WHERE TO FIND IT IN D.C.: The Hamilton. A take on a French 75, the French 14th (named for the restaurant's street address) blends the smooth and aromatic Silvertip with lemon juice and Prosecco as a sweeter alternative to traditional dry Champagne.
THE BOTANIST ISLAY GIN: The peaty, Islay gin is made by Bruichladdich, a top Scotch producer. "They highlight the chamomile and not many gins use chamomile," Young says. "When I saw that I thought instantly that it’s appropriate for the Mandarin because of their amazing tea program.”
WHERE TO FIND IT IN PITTSBURGH: Legume. This restaurant's Pickled Gibson offsets The Botanist’s florally-herbal flavors by mixing it with salty-spicy green onion brine and Dolin Dry Vermouth.
DEATH'S DOOR GIN: “When I see Death’s Door on a menu I give the bar manager kudos," Young says. "It’s slightly higher in proof than the usual style—around 88 proof—so it works great in a cocktail.

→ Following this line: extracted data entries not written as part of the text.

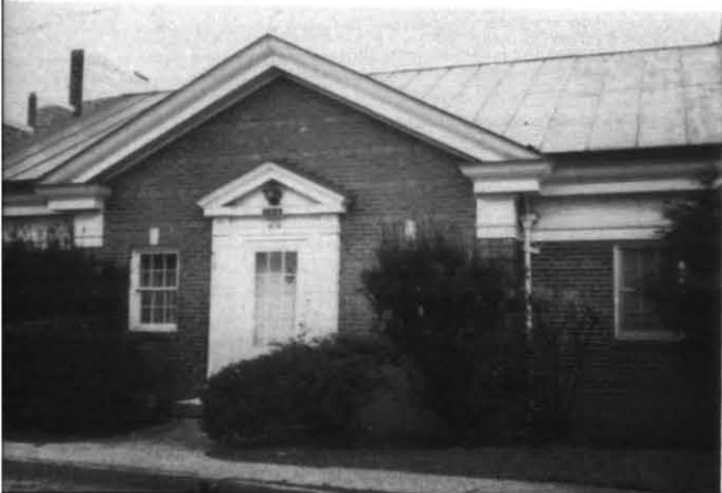
Π Β Φ House
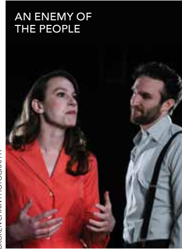
BROKEN CHAIN PHOTOGRAPHY

2900 Carlisle Blvd NE vortexabq.org | 505-247-8600
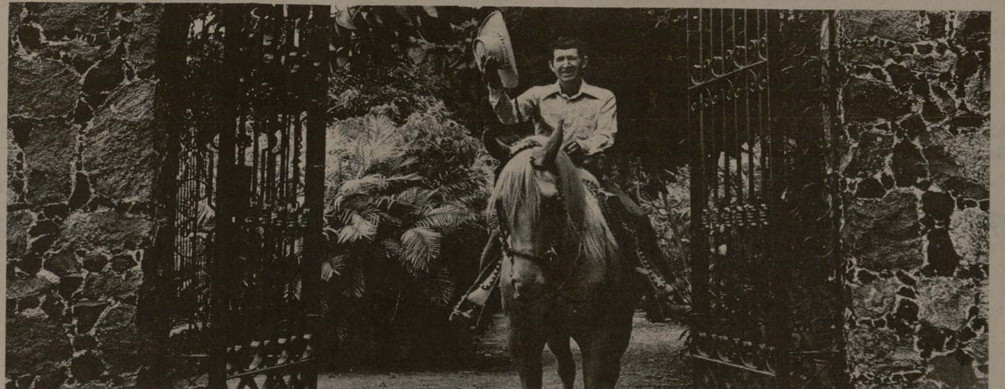
Next time you're in Mexico, stop by and visit the Cuervo fabrica in Tequila.
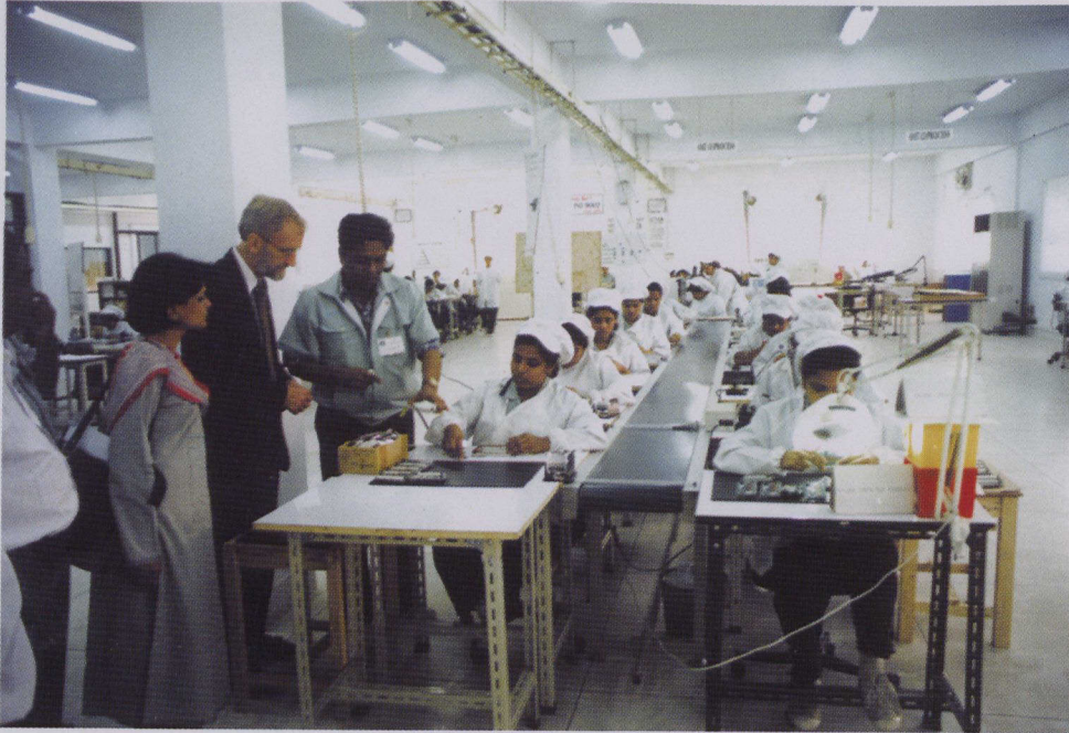
Export processing zone-Chittagong
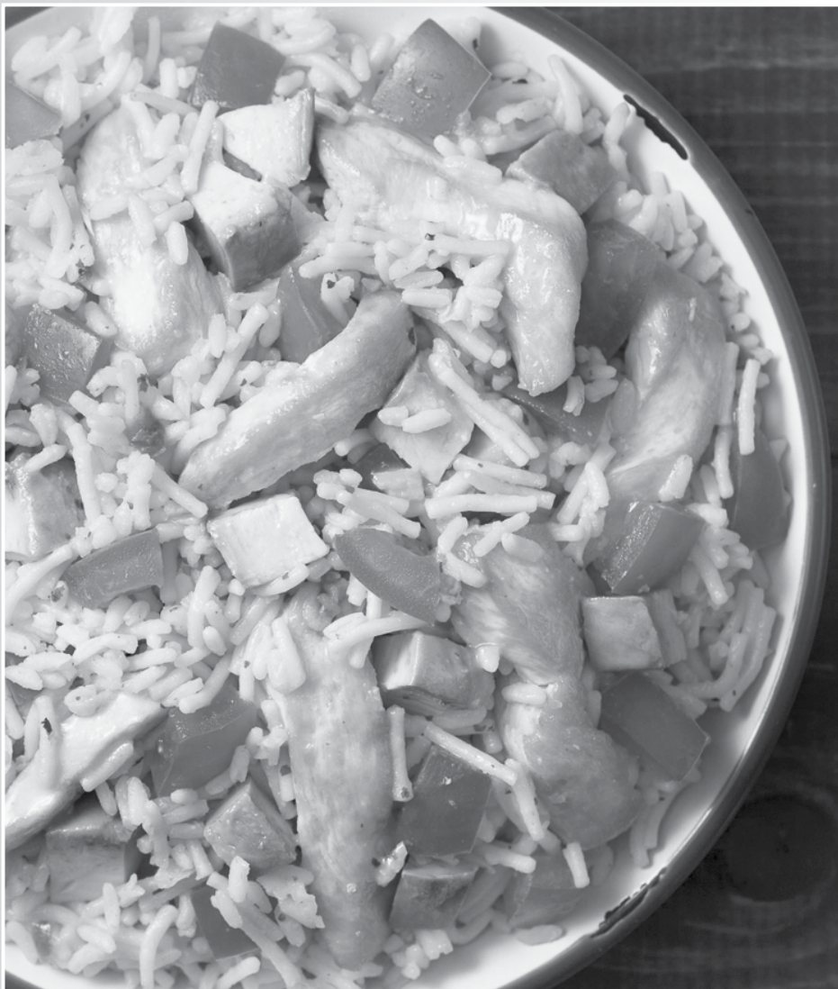
Recipe by Knorr, provided by BPT.

Prep time: 10 minutes | Cook time: 15 minutes | Serves 4
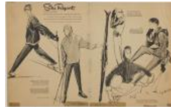
"Ski Report" (KA008601_OSxx2_f07_01)
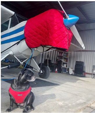
Piper PA-12 Insulated Hangar Blanket

This cover type is made from Silver Acrylic Sunbrella canvas and is 100% lined with a soft and smooth microfiber. Bruce's Custom Covers developed this material combination especially for aircraft protection. The outer material is medium weight and treated for water resistance, UV resistance and anti-static buildup. The inner lining is a very soft and smooth microfiber to prevent scratching. The material is very reflective, and tests show that the cabin interior temperature can be reduced to near-ambient temperature on the hottest of days. It is water, ice and snow repellent, yet breathable to allow moisture to escape from between the cover and the aircraft surface.
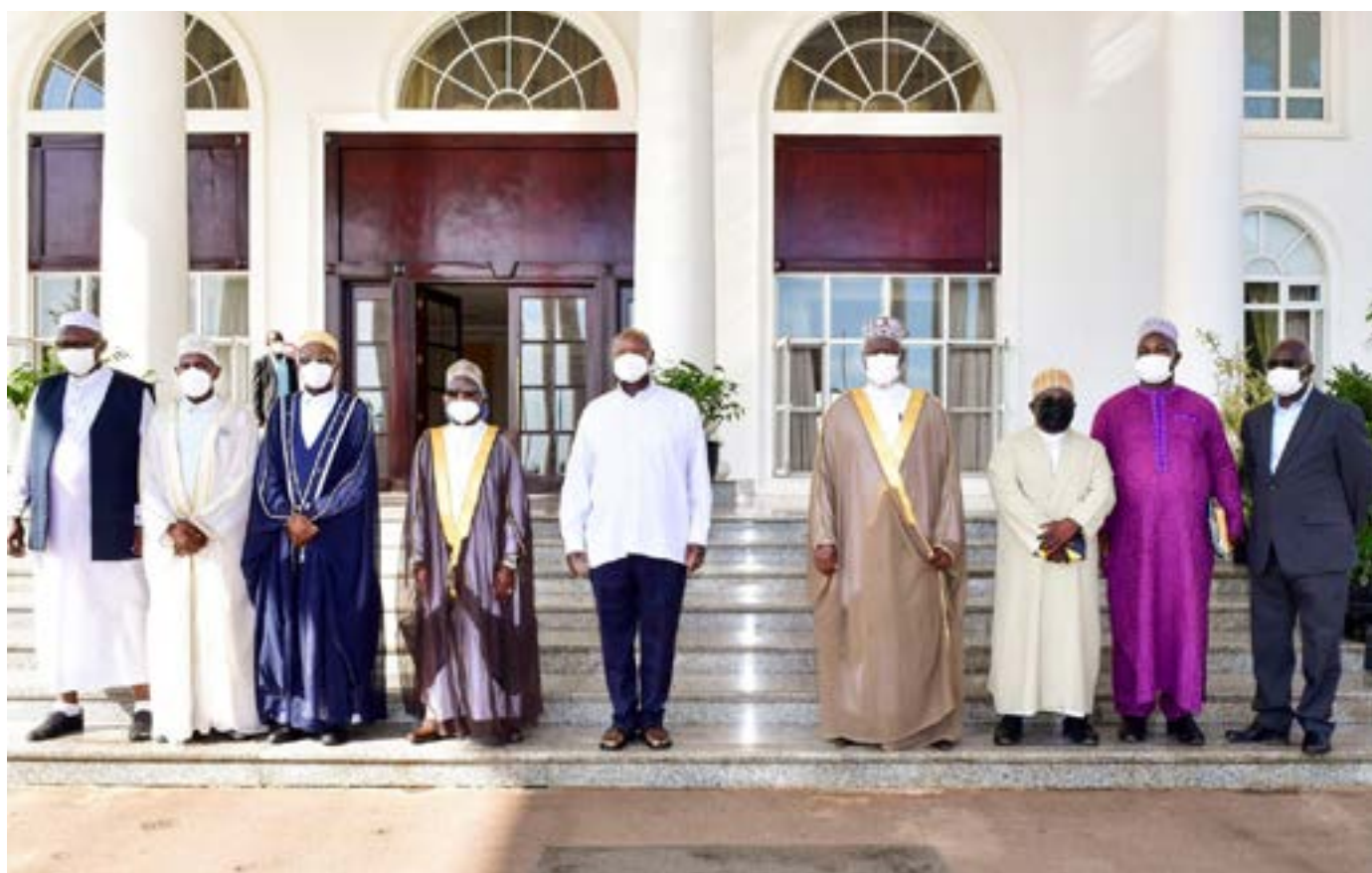
President Museveni poses for a photo with Muslim leaders after a meeting at State House, Entebbe
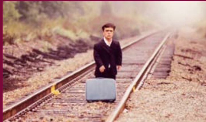
Director: Thomas McCarthy Year: 2003 Country: USA Duration: 86m Starring: Bobby Cannavale, Patricia Clarkson, Peter Dinklage

Finbar McBride is a four-foot-tall, lonely man who chooses to live the life of a hermit in an abandoned train yard in New Jersey, following the death of his friend. There, he unexpectedly meets and befriends a couple of fellow loners - troubled artist Olivia, and carefree and friendly Joe. The three unlikely friends each deal with their urge to connect compared with their individual need for isolation.
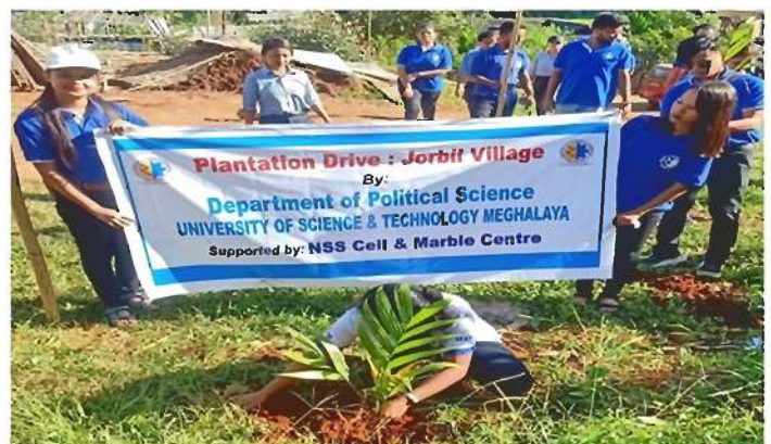
Glimpse of student sapling coconut trees at Jorbill Village-27-06-2018

It drinks more like a white whiskey so it’s a great gin for male drinkers stuck on small batch bourbons.” The distillery in Wisconsin uses their own vodka as the base and infuses it with juniper berries, coriander seeds and fennel seeds for a bold, slightly spicy gin.
WHERE TO FIND IT IN ATLANTA: The Optimist. The oyster bar serves a slightly savory version of a gin and tonic made with Death’s Door, Fever Tree tonic from London and celery bitters. It's garnished with a sprinkle of salt and black pepper.